A reflection on how conceptual boundaries overlay direct sensation, creating the illusion of real separation where none exists.
A reflection on how conceptual boundaries overlay direct sensation, creating the illusion of real separation where none exists.
Consider a mind's imagination at work. If you draw a line on a piece of paper, there is a line, a boundary between two sides. But is there really two sides of a piece of paper?
Sensation versus concept
This is also a metaphor, because in that example there is an actual physical mark on a physical thing. But the deeper metaphor is this: the piece of paper is the sensation, and then we have an image of the sensation, which we call "skin." That word, "skin," is a complex thought construct describing what we are experiencing. The actual direct experience of it, however, is a sensation: a tingling, fuzzy, moving experience.
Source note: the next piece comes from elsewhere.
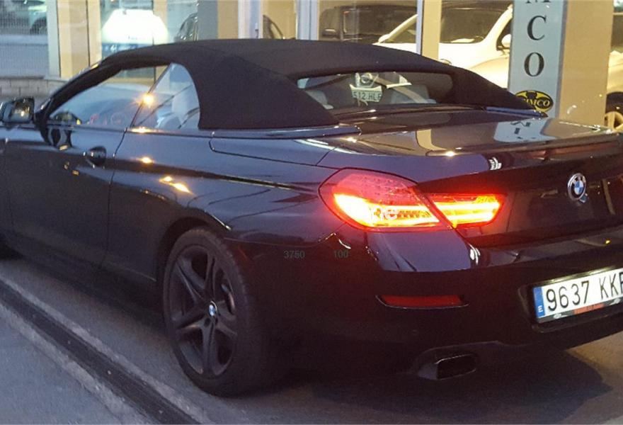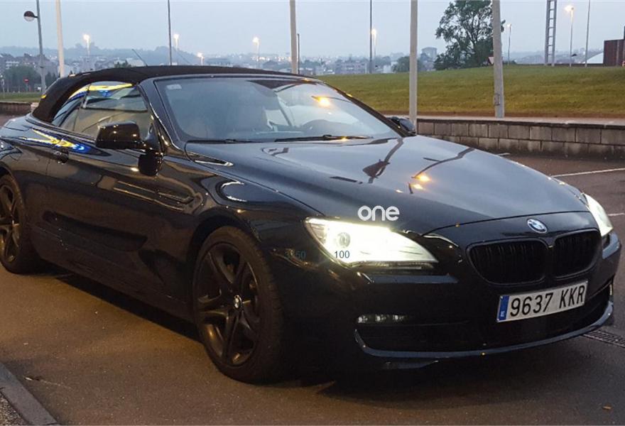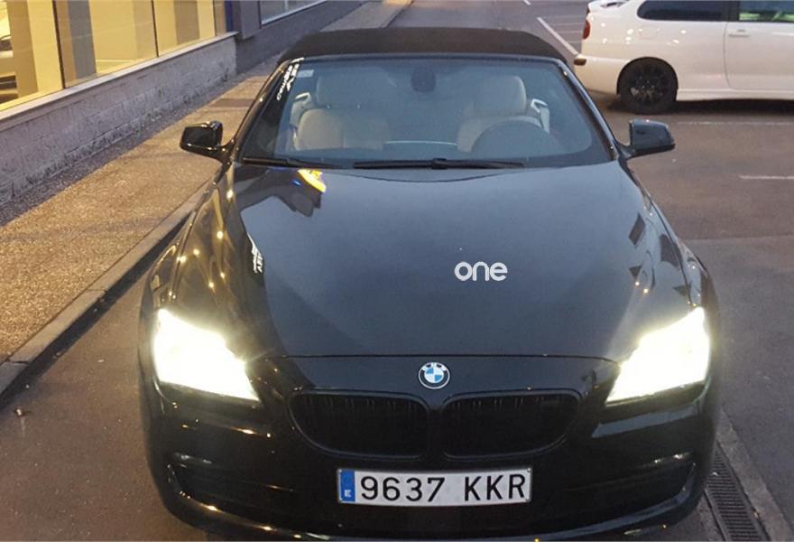 BMW Serie 6, Diesel, año 2012, 68000 kilómetros, color Negro (interior en cuero beis) metalizado, precio 39990€. Adaptive Drive,Calefacción de los asientos delanteros,Ventilación activa de los asientos delanteros,Intercambiador DVD de 6 discos,Sistema de navegación Professional,Advertencia de cambio de carril,Asistente de luz de carretera,Capota de color negro,Control por voz,Faro de LED adaptativo,Franja gris en el parabrisas,Faros antiniebla de LED. IMPECABLE, directamente de la BMW. valor NUEVO 109000 EU.todos los extras,NAVEGADOR,DISPLAY,cuero,xenon,equipo de escape deportivo con cambio de sonido,tempomat con detector de obstaculos Y CONDUCCION AUTOMATICA ,arranque sin llave,telefono,bluethoot, RED cortavientos trasero, asientos calefactados etc,etc

So there is the sensation itself, and then there is the conceptual construct of the skin, which has a boundary. Conceptually, we draw a line where the skin ends and the couch begins, or wherever. That concept gets overlaid onto the raw sensation, and then it feels completely real, as if it were one and the same thing.
It is not.
It is like sound and sight, like thought and sensation. These appear as distinct categories, but that distinction is itself a construct.
No boundary anywhere
You can go even further and realize there is actually no boundary between thought and sensation either. There is no boundary between sound and sight. There is no real division at all. It is literally like drawing a line on a piece of paper and believing there is a true separation between those two sides.